→ DATA EXCERPTS
----

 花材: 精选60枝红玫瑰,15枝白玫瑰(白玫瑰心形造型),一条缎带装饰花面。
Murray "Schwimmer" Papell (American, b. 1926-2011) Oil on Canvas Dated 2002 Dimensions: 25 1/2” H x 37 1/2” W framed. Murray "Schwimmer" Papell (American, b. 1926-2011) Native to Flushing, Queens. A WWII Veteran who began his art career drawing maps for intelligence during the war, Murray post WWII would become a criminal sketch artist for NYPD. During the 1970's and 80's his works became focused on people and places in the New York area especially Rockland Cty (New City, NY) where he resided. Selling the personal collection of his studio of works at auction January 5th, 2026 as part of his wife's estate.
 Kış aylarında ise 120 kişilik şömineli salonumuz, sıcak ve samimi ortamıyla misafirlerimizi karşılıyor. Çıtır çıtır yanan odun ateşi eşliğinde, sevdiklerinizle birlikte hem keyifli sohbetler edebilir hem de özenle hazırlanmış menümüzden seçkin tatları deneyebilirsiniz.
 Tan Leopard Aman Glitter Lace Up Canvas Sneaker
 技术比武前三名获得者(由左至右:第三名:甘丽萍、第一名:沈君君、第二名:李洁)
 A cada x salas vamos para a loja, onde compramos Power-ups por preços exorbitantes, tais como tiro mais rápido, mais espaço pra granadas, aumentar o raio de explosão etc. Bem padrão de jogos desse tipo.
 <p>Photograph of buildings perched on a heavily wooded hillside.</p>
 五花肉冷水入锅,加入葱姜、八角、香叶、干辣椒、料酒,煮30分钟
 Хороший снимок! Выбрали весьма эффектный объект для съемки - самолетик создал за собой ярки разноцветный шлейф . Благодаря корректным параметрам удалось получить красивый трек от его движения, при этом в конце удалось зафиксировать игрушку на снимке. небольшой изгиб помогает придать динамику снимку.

----

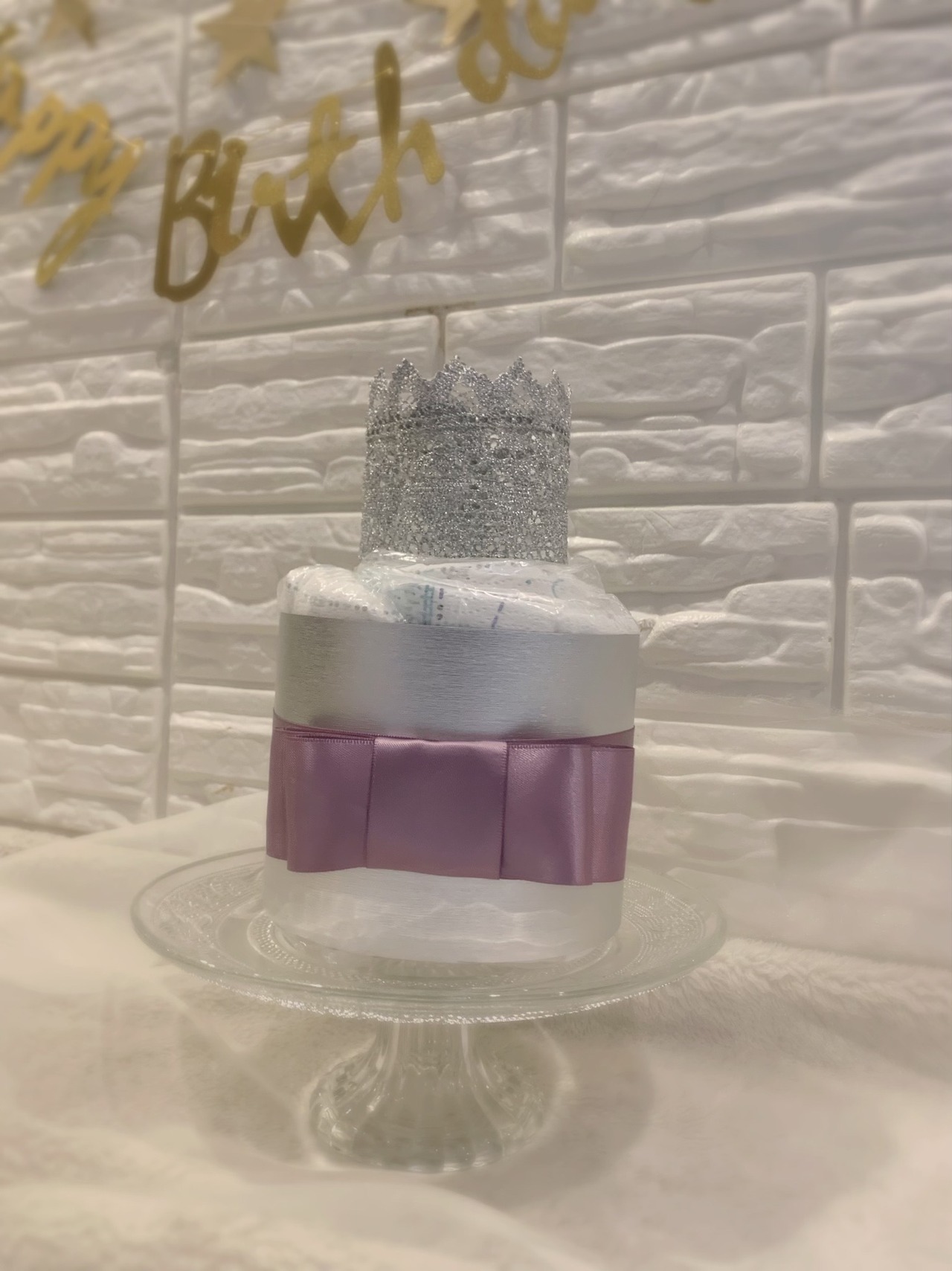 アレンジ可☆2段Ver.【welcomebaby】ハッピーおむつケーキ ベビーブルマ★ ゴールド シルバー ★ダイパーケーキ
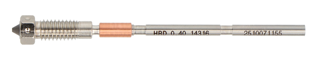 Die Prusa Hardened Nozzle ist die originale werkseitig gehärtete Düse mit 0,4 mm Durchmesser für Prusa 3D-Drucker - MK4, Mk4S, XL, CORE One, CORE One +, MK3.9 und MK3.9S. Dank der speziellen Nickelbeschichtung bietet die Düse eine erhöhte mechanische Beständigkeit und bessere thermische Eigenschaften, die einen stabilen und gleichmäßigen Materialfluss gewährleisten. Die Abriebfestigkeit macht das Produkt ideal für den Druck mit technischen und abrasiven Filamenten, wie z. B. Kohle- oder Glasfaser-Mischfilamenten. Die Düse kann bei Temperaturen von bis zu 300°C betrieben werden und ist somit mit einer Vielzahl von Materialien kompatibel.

----

→ WHAT YOU NEED TO DO
Filter on the word "Canvas": copy each matching line from the entries above.

→ TASK ANSWER
Murray "Schwimmer" Papell (American, b. 1926-2011) Oil on Canvas Dated 2002 Dimensions: 25 1/2” H x 37 1/2” W framed. Murray "Schwimmer" Papell (American, b. 1926-2011) Native to Flushing, Queens. A WWII Veteran who began his art career drawing maps for intelligence during the war, Murray post WWII would become a criminal sketch artist for NYPD. During the 1970's and 80's his works became focused on people and places in the New York area especially Rockland Cty (New City, NY) where he resided. Selling the personal collection of his studio of works at auction January 5th, 2026 as part of his wife's estate.
 Tan Leopard Aman Glitter Lace Up Canvas Sneaker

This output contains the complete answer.